Gym comes with a diverse suite of environments ranging from Classic control and toy text to Atari, 2D and 3D robots.
for t in range(1000):
action = env.action_space.sample()
env.render()
observation, reward, done, info = env.step(action)
rewards_list.append(reward)
if done:
break;
Some RL methods must wait until the end of an episode to update the value function estimate. More practically, Temporal-difference (TD) methods update the value function after every time step.

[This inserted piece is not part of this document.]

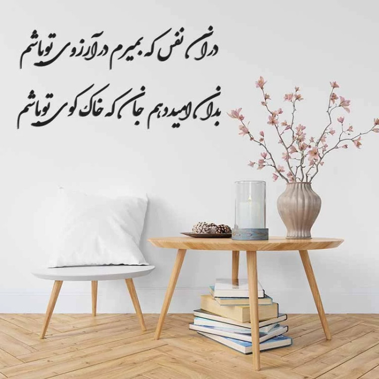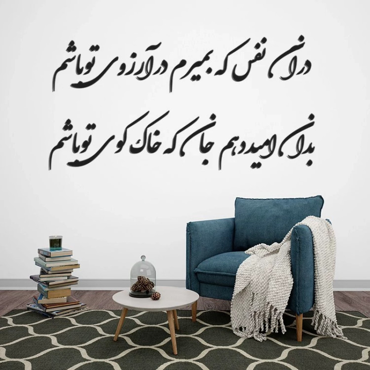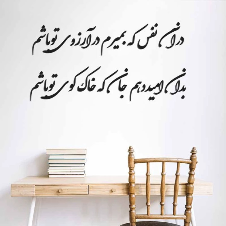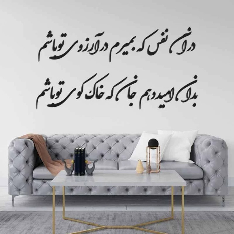 دیوارکوب چوبی حروف برجسته شعر «در آن نفس که بمیرم...» | نصب با چسب دوطرفه | 65×33 سانتیمتر 🖤🪵 اگر دنبال یک دکوری احساسی و متفاوت برای خانه، اتاق خواب یا فضای شخصیتان هستید، این دیوارکوب چوبی با طراحی خاص حروف برجسته و شعر کلاسیک فارسی، انتخابی بینظیر برای شماست. عبارت دلنشین و عاشقانه «در آن نفس که بمیرم، در آرزوی تو باشم / بدان امید دهم جان، که خاک کوی تو باشم» از لسانالغیب حافظ، حالا در قالب یک دیوارکوب مدرن و سهبعدی روی دیوار خانهتان مینشیند. 📝 ویژگیها: شعر: حافظ نوع نصب: فقط با چسب دوطرفه (داخل بسته قرار دارد) جنس: MDF سه میل ابعاد کلی پس از نصب: 65 در 33 سانتیمتر نوع طراحی: حروف جداگانه و برجسته، مناسب نصب مستقیم روی دیوار رنگ: مشکی مات (رنگهای دیگر در صورت سفارش عمده) ✨ چرا این دیوارکوب خاص است؟ 🔹 حروف جدا و برجسته: در این محصول خبری از چاپ یا حکاکی روی صفحه نیست. هر کلمه و حرف با دقت لیزری از چوب MDF برش خورده و به صورت مجزا در بستهبندی قرار دارد. 🔹 نصب بسیار آسان: نیازی به هیچ ابزار یا سوراخکاری نیست! با استفاده از چسب دوطرفهی داخل بسته، بهراحتی حروف را روی دیوار میچسبانید. هم برای خانه اجارهای مناسبه، هم برای کسانی که نمیخوان دیوارشون آسیب ببینه. 🔹 احساس سهبعدی روی دیوار: با نصب مجزای حروف، دیوار شما حالتی برجسته، هنری و خاص پیدا میکنه. این سبک از دکور، مدرن و در عین حال شاعرانهست. 🔹 کاملاً سبک و جابجاییپذیر: به دلیل وزن پایین و ابعاد مناسب، میتونید حتی محل تابلو رو تغییر بدید، یا ازش در محیطهای مختلفی مثل اتاق خواب، دفتر کار یا کافه استفاده کنید. 🛋️ مناسب برای: اتاق خواب یا فضای شخصی دیوار کنار تخت یا میز دفترهای کار هنری فضاهای مینیمال با تم مشکی یا چوبی

Two main algorithms are implemented:
- 2.1 SARSA: Updates Q after SARSA sequence (A is chosen from the e-greedy policy)
Q[s,a] = Q[s,a] + alpha * ((r + gama* Q[s1,a1]) - Q[s,a])

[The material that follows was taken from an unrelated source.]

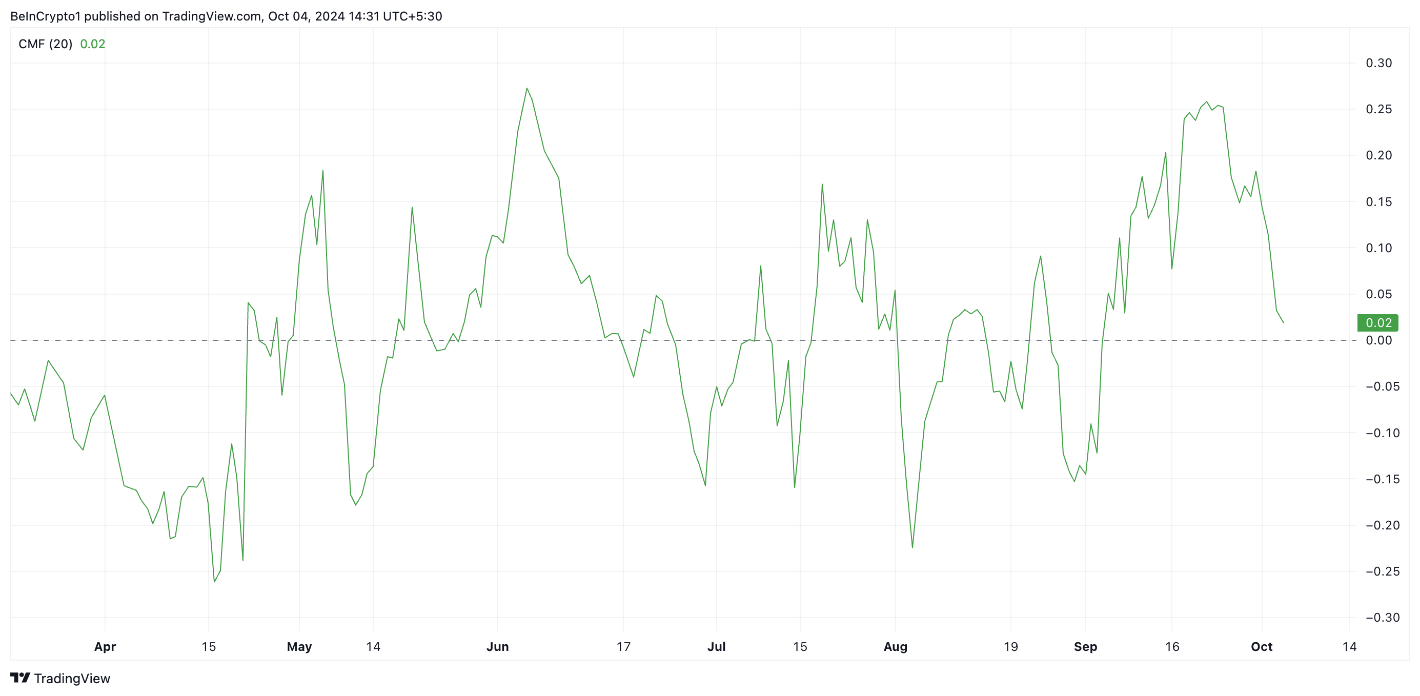Lisäksi SUI:n Chaikin Money Flow (CMF) -indikaattorin jyrkkä lasku vahvistaa ostovoiman heikkenemistä. Tätä kirjoitettaessa se on 0,02, suuntautuen kohti nollalinjaa.

- 2.2 Q-Learning: Updates Q after SARS and use max A (A is chosen from the greedy policy)
Q[s,a] = Q[s,a] + alpha*(r + gama*np.max(Q[s1,:]) - Q[s,a])
A value based RL algorithm, where Deep Neural Network is used as a function approximator to estimate the action value function Q(s, a).
total_timesteps = 150000
env = gym.make('LunarLander-v2')
model = DQN(MlpPolicy, env, verbose=0, prioritized_replay=True, tensorboard_log="./DQN_LunarLander_tensorboard/")
model.learn(total_timesteps=total_timesteps, tb_log_name="DQN_prioreplay")
model.save("dqn_LunarLander_prioreplay")
A policy based RL algorithm that directly gets the optimal policy (direct mapping from states to actions) without estimating a value function. REINFORCE samples few trajectories using the current policy and uses them to estimate the gradient to increase / decrease the action probability based in the return.
5- PPO Proximal Policy Optimization
On policy algorithm that uses old trajectories, instead of just throwing them away, by modifying them so that they are representative of the new policy, using approximated re-weight factor.
# multiprocess environment
n_cpu = 4
env = SubprocVecEnv([lambda: gym.make('CartPole-v0') for i in range(n_cpu)])
model = PPO2(MlpPolicy, env, verbose=0, tensorboard_log="./ppo_cartpole_tensorboard/")
model.learn(total_timesteps=total_timesteps, tb_log_name = "PPO2_4")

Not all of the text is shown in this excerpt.